(THE INPUT)

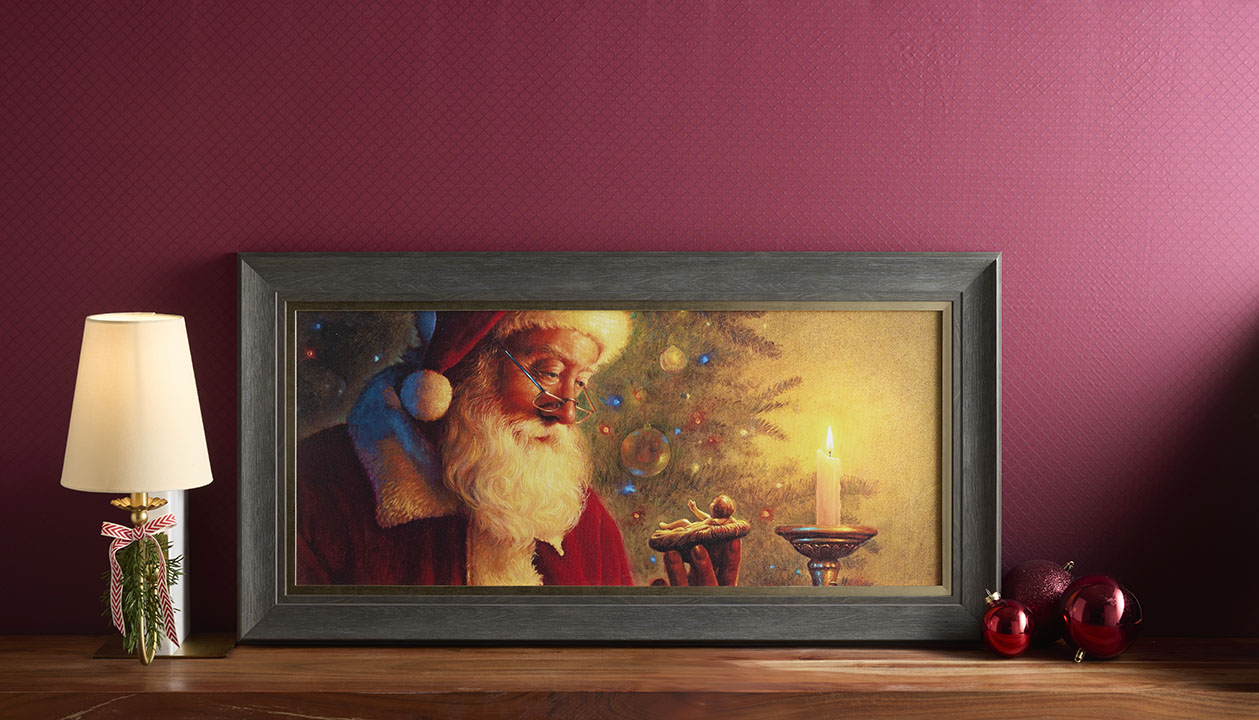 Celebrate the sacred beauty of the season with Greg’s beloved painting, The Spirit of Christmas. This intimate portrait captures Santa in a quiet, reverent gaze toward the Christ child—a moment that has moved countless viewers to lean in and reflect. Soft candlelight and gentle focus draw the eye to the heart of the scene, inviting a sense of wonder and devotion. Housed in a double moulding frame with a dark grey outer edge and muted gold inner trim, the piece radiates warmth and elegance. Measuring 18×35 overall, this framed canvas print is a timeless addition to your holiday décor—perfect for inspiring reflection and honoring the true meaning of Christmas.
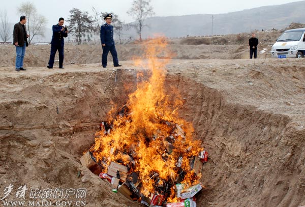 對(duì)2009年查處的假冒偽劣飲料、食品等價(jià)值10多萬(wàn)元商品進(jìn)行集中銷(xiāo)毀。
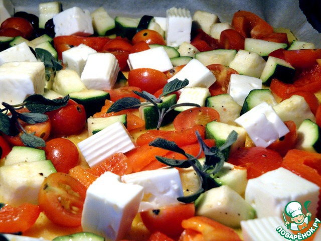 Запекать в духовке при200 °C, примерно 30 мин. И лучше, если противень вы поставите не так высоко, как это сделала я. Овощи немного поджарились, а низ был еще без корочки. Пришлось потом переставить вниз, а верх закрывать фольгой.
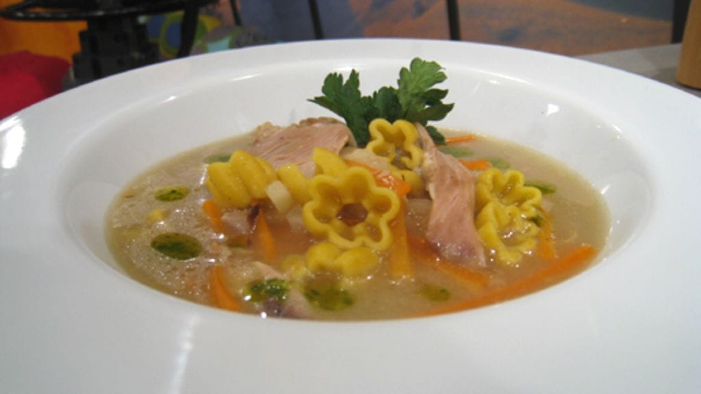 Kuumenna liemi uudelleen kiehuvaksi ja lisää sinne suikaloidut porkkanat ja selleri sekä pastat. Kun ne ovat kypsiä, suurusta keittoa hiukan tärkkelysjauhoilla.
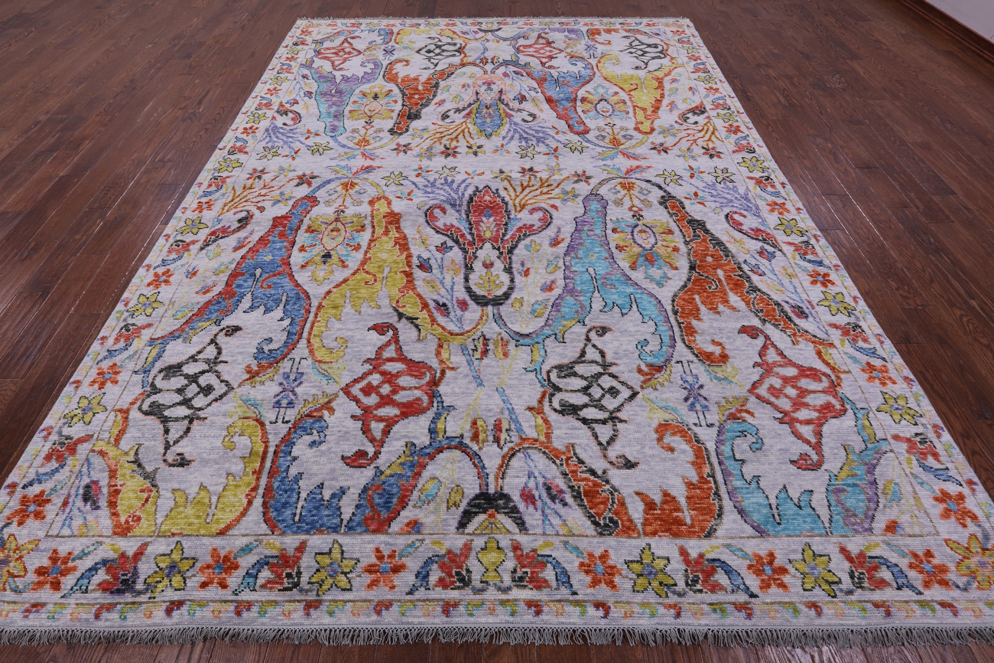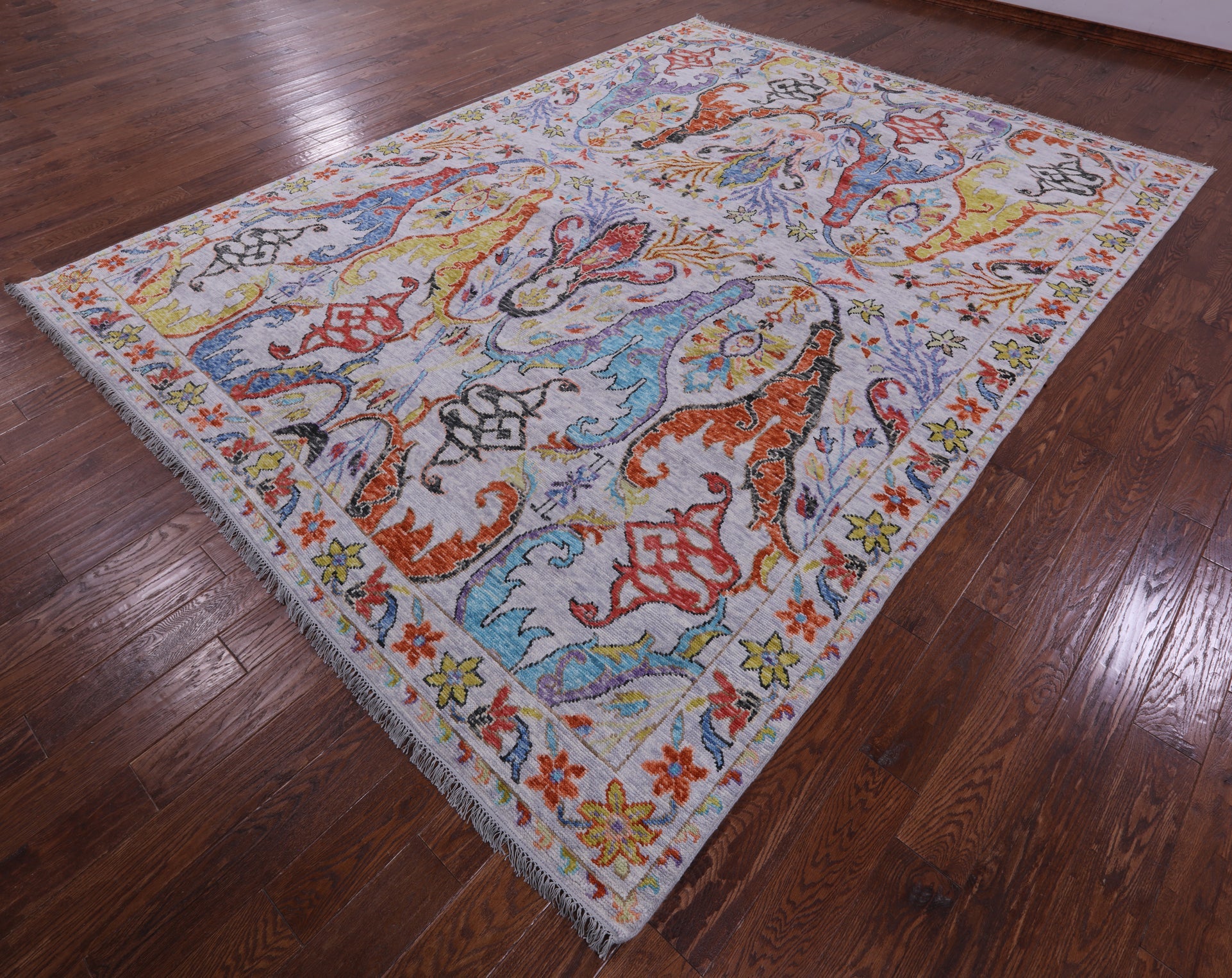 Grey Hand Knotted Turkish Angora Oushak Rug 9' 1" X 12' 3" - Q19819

(End THE INPUT)
(THE INPUT)

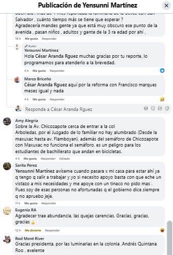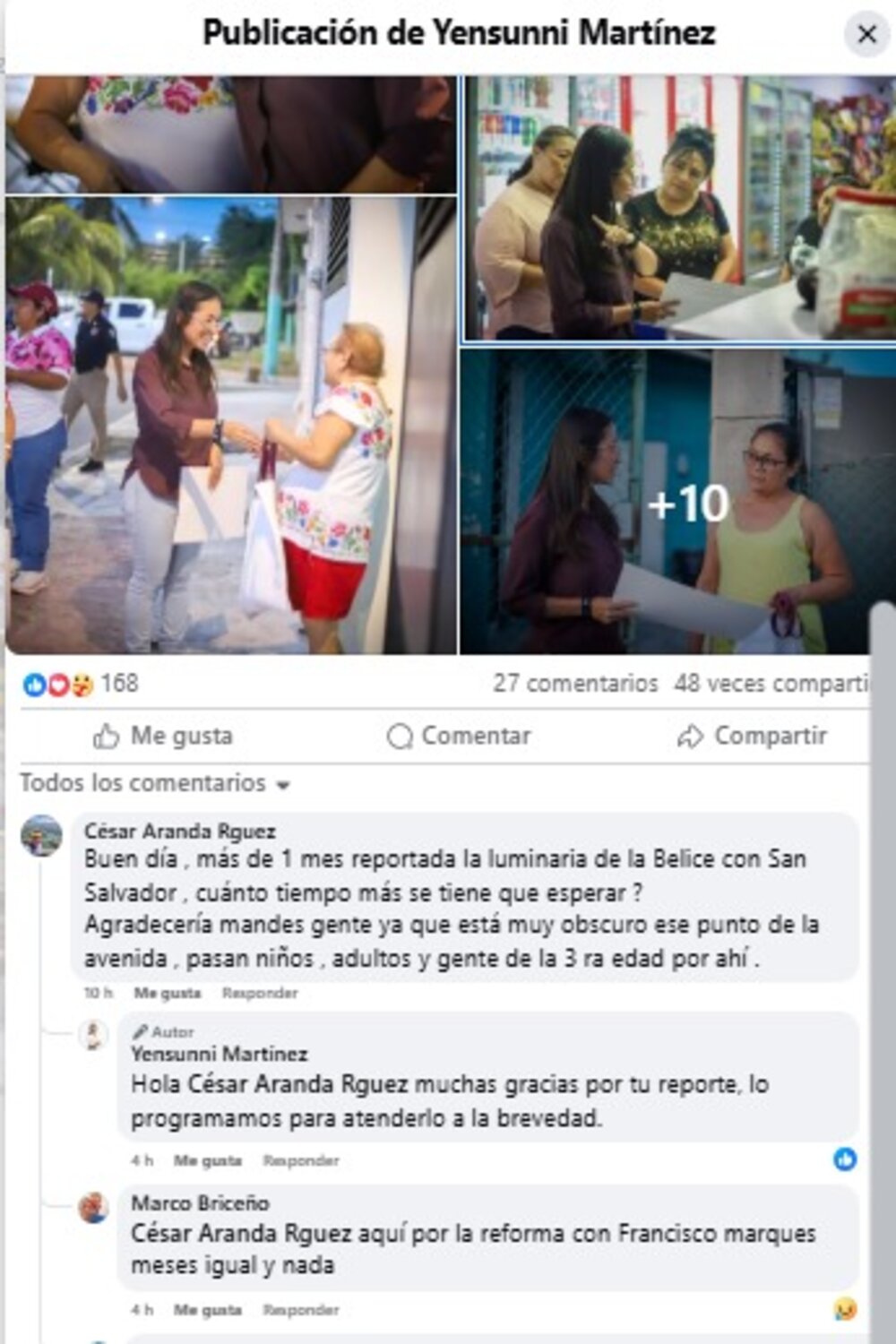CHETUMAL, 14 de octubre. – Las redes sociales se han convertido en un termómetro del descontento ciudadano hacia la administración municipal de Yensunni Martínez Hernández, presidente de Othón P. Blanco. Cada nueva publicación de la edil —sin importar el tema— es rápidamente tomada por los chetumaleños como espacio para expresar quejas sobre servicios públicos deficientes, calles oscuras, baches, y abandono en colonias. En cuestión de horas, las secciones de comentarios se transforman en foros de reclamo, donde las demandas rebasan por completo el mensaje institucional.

(End THE INPUT)

ASSIGNMENT
Retype, exactly and with no pictures, everything above from the line with "Запекать в духовке" down to the line with "Grey Hand Knotted", both included.

THE ANSWER
 Запекать в духовке при200 °C, примерно 30 мин. И лучше, если противень вы поставите не так высоко, как это сделала я. Овощи немного поджарились, а низ был еще без корочки. Пришлось потом переставить вниз, а верх закрывать фольгой.
 Kuumenna liemi uudelleen kiehuvaksi ja lisää sinne suikaloidut porkkanat ja selleri sekä pastat. Kun ne ovat kypsiä, suurusta keittoa hiukan tärkkelysjauhoilla.
 Grey Hand Knotted Turkish Angora Oushak Rug 9' 1" X 12' 3" - Q19819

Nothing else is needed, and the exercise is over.